In some ways, the tech industry is like a small town, where everyone who's anyone knows each other and, sometimes, schemes behind each others' backs.
Todd McKinnon, CEO of Okta and former head of engineering for Salesforce working directly for Salesforce CEO Marc Benioff, is one of the people in that "in" crowd. And, as the years have gone by, he's been on the receiving end of much scheming.
The company that he cofounded, Okta, offers a cloud service that manages passwords and logins to other cloud services for corporate employees (known as "single sign on").
Okta had a successful IPO earlier this year and knocked it out of the park with its first quarterly earnings. Okta's Q1 revenue of $53 million was up 67% year-over-year, and above the $48 million expected by analysts. Okta now has nearly 4,000 customers and is winning big accounts, like Nordstrom's and its 60,000 employees.
It turns out that kind of success has become irresistible for the big cloud companies. Years ago, when Okta was still small, Salesforce launched its own competitive service. Then Microsoft launched a competitor, and even went so far as to temporarily boot Okta from one of its big tech conferences.
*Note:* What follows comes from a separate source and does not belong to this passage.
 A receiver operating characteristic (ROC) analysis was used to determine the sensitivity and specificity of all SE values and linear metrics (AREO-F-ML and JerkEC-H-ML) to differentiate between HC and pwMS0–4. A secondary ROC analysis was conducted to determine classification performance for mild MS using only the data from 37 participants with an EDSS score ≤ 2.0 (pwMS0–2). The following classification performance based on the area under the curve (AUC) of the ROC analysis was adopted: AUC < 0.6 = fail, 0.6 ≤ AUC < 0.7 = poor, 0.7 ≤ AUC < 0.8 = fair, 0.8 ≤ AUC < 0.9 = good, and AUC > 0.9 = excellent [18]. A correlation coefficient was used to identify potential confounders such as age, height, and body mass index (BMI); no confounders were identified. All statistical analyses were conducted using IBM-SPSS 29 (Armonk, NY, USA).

More recently, Google launched one, via an acquisition of a startup called Bitium in September.
And last week. Amazon finally launched one as well.
McKinnon has a humorous attitude toward all of this competition, he told Business Insider. First of all, he knows he's come up in the world by the way his new competitors are treating him.
"You never like big guys coming into your market, but I feel like I'm making progress," he said. "If you go back to 2012, Salesforce enters the single sign-on market, no one calls me. Marc [Benioff] didn't call me, didn't give me heads up. He announced the product on stage."
REUTERS/Baz Ratner
"Satya had been to our office when we were 12 people. A year after that they entered the market and he doesn't call me," McKinnon said. "So I am proud because when Google bought Bitium recently, Diane Greene called me at least," he said. Greene is the head of Google's Cloud business.
"And with Amazon, it wasn't Jeff [Bezos] and it wasn't Andy Jassy, but at least the Amazon partnership guys at Amazon called me and gave me a heads up before they announced the product," he chuckled.
But the news of Amazon entering the market was particularly scary because Okta's investors have for years asked him what's to stop Amazon from crushing Okta like a bug.
He explained to them that cloud "identity management," which helps employees login from one cloud to the next, works well when it's an independent service and not part of one of the big guys' clouds.
And that means, in addition to competing with the big dogs, Okta also partners with them. His customers still use Okta to sign on to Salesforce and Microsoft Office more than any other apps. They also use it to sign onto Google Apps and Amazon Web Services.
"Every investor assumes they [Amazon] are going to be in every market and they are going to be successful in every market, which is not true," he said.
For those that don't believe him, he has two words "Fire phone," aka Amazon's failed smartphone product.